§ What you will do:
Repeat exactly what runs from the line containing "a. Remove the" through the last line of the material below. Do not copy the pictures.
[The data Boundary: Start]
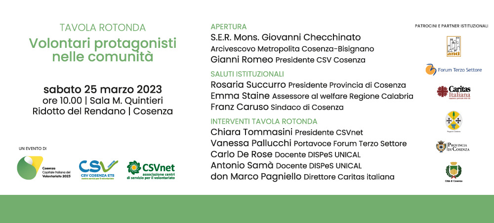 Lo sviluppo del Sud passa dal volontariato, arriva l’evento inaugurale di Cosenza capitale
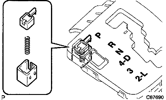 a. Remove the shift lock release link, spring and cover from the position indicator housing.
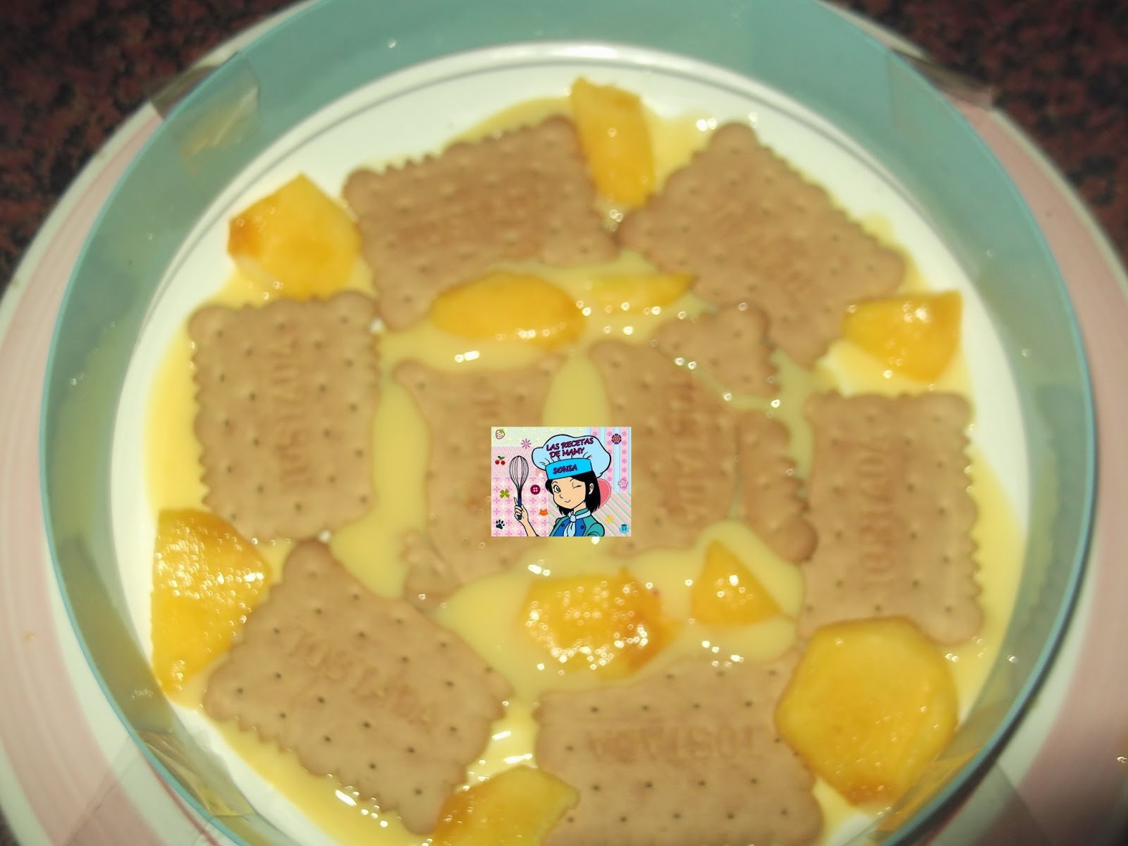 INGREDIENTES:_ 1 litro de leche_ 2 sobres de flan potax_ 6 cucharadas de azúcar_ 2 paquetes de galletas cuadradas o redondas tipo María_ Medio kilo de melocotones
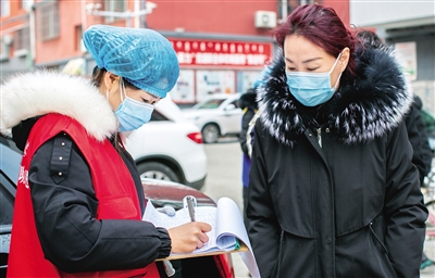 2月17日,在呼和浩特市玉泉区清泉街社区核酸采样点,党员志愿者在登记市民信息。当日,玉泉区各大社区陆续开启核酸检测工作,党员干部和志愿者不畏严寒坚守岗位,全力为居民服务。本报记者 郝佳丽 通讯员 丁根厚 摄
[The data Boundary: End]
§ Exercise result:
 a. Remove the shift lock release link, spring and cover from the position indicator housing.
 INGREDIENTES:_ 1 litro de leche_ 2 sobres de flan potax_ 6 cucharadas de azúcar_ 2 paquetes de galletas cuadradas o redondas tipo María_ Medio kilo de melocotones
 2月17日,在呼和浩特市玉泉区清泉街社区核酸采样点,党员志愿者在登记市民信息。当日,玉泉区各大社区陆续开启核酸检测工作,党员干部和志愿者不畏严寒坚守岗位,全力为居民服务。本报记者 郝佳丽 通讯员 丁根厚 摄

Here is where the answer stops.